Then probably best to complete the trail -

Part 2 is here. Bargaining Council behind with hearings.
Part 3 is here. Company wants to take further legal action against me.
Part 4 is here. Arbitration hearing without Employer being present.
Part 5 is here. Reinstatement what now.
Part 6 is here. Certified CCMA Enforcement Order.

And then there's this thread.

----------


## HR Solutions

Yep ....... and nothing is clearer.  I stick to my comments.

Laura - any of these companies that you worked for in Edenvale by any chance ?

----------


## adrianh

> What you don't realise, is that there is a group of diabolical people out there who get into these managerial positions, seem very likeable and charming at face value (because this is how they draw their prey in), who can not accept defeat, even when they are wrong, and have this attitude of winning by any means, legal or not. I have personally experienced this, and am very close to someone who right now is going through an issue like this. At some point in their lives, they have to be introduced to humility. The way they treat and carry on with less fortunate people around them is really disgraceful, and if not challenged, will continue to think they are the masters and using the notion that sane minded people will walk away, because the hassle is too much. The reason they achieved these positions is because people walked away, if at a very early stage they were challenged, then they would not be where they are today, carrying on as if they are the chosen one. This relates to how they treat staff, suppliers and anyone who crosses their path. They usually focus on one person, and make their life hell. They maintain employees simply because the employees need a job and will take all the nonsense thrown at them. These diabolical people have a knack of identifying the ones in need and exploit them.


I agree with you. Look, I can see this thing from various angles
1: It is often best to accept defeat, cut your losses and move on (That is what I would do if I was the MD) You win some, lose some, draw some and simply pull out of some adventures.
2: I am a 100% full blown sociopath and I would f*ck with his life till kingdom comes just for the hell of bringing him down to size.

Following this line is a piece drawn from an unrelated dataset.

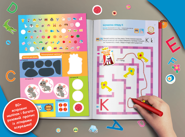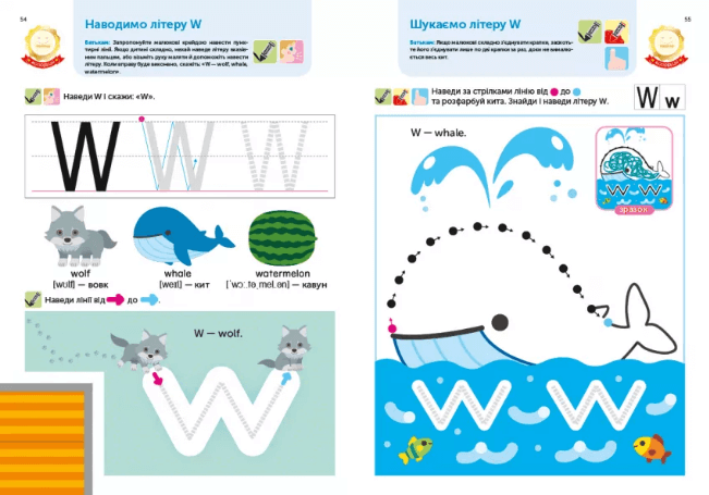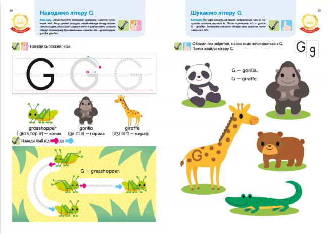Веселі вправи готують до перших кроків у читанні, вчать розпізнавати великі та малі літери, дитина практикується їх відрізняти і співвідносити.

There are hundreds of ways to get even and I must admit that I have done so in the past (years after I got screwed over) The notion of "Revenge is a dish best served cold" is very true; there is a lot of fun to be had in seeing a person like that squirm. The trick is to keep your mouth shut and to give a knowing nod as he waddles by...


Words to live by....

----------


## Laura7

Hi there,  Thank you for giving me your opinion, appreciated.

An update, the sheriff returned to the company and they refused to pay the balance, so he took their goods, and realizing that they would lose, paid the full amount.  Now this case is over, and I will receive my award shortly.  It has been a year of hell.
The arbitration for the other case will happen toward the end of this month and I do believe it will be in my favor.
As for the criminal charges, nothing has happened yet, but I will seek legal advise and get this resolved.

----------